La corriente “decolonial”, auspiciada desde centros académicos muy poderosos, sobre todo norteamericanos, anda promoviendo un antirracismo neorracista, con el acento en la identidad cultural y/o étnica, en los medios europeos, y más en particular españoles. Han acuñado una palabra de grueso calado que es “epistemicidio”, que inicialmente sería la acumulación de capital intelectual por parte de Occidente, con la eliminación de otras formas de pensamiento o su marginación, y que finalmente ha derivado a un cliché donde todo aquello que se opone a los alternativo –incluido el crédito que se le da de nuevo a la New Age espiritualista y hasta esotérica- acaba por ser blanco, militarista, racista y sexista.

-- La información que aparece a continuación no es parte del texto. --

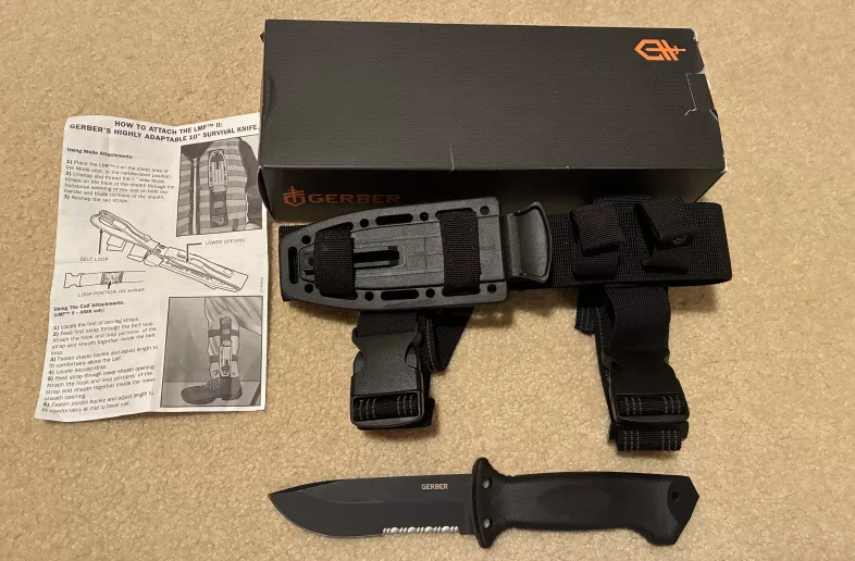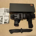 Brand new. 10 inch blade, partially serrated with steel glass breaker and hammer built into knife bottom. Sheath is MOLLE compatible and includes built in blade sharpener and 2 removable leg straps. Lashing holes for use as spear. Made in USA.

De resultas del programa “decolonizador”, los únicos “propietarios del problema” lo sería por nacimiento y herencia del sufrimiento, sin dar cabida a otras migraciones volitivas de la identidad. Para entendernos: un musulmán auténtico siempre sería un magrebí, y nunca podría serlo un europeo. Una suerte de neorracismo se detecta tras estos presupuestos. Evidentemente, nada que ver con la epistemología, concebida como tarea intelectual para despejar obstáculos intelectuales y conceptuales del conocimiento. Así lo concebía Gaston Bachelard, de quien lo tomaron Michel Foucault y Pierre Bourdieu, entre otros ontólogos del poder. Lectura ajustada del concepto de episteme, vinculada a Bachelard, que, creo, tiene más que ver con obras como El orientalismo desde el Sur, que yo mismo dirigí e inspiré, en 2006, siguiendo los criterios de la “descolonización del imaginario”, y que poco o nada tiene en común con el programa político de la “decolonización”.
Volviendo a nuestra pregunta inicial, ¿qué es el racismo?: despejar las incógnitas epistemológicas en torno al concepto, y la problemática social asociada, sigue siendo una tarea compleja y llena de falsos atajos y adarves, como detectó Lévi-Strauss. Lo único que podemos afirmar a ciencia cierta es que el racismo es una pulsión jerárquica que emplea elementos diferenciales, sean físicos o culturales, para organizar real e imaginariamente la sociedad de manera excluyente. Empero, el racismo, como muestran casos como el de la sociedad de castas, puede tener carácter ascendente o descendente.
Los movimientos xenófobos no son unidireccionales ni proceden sólo del poder político epocal. También, pueden servir para organizar de manera cerrada y xenófobamente los movimientos de resistencia. En consecuencia, los movimientos pretendidamente igualitaristas, paradójicamente, pueden verse afectados por la misma patología que combaten, empoderándose de la raza, o su versión culturalista la “etnia”, para llevar a cabo prácticas políticas equívocas cuanto menos, e incluso, por qué no decirlo, neorracistas.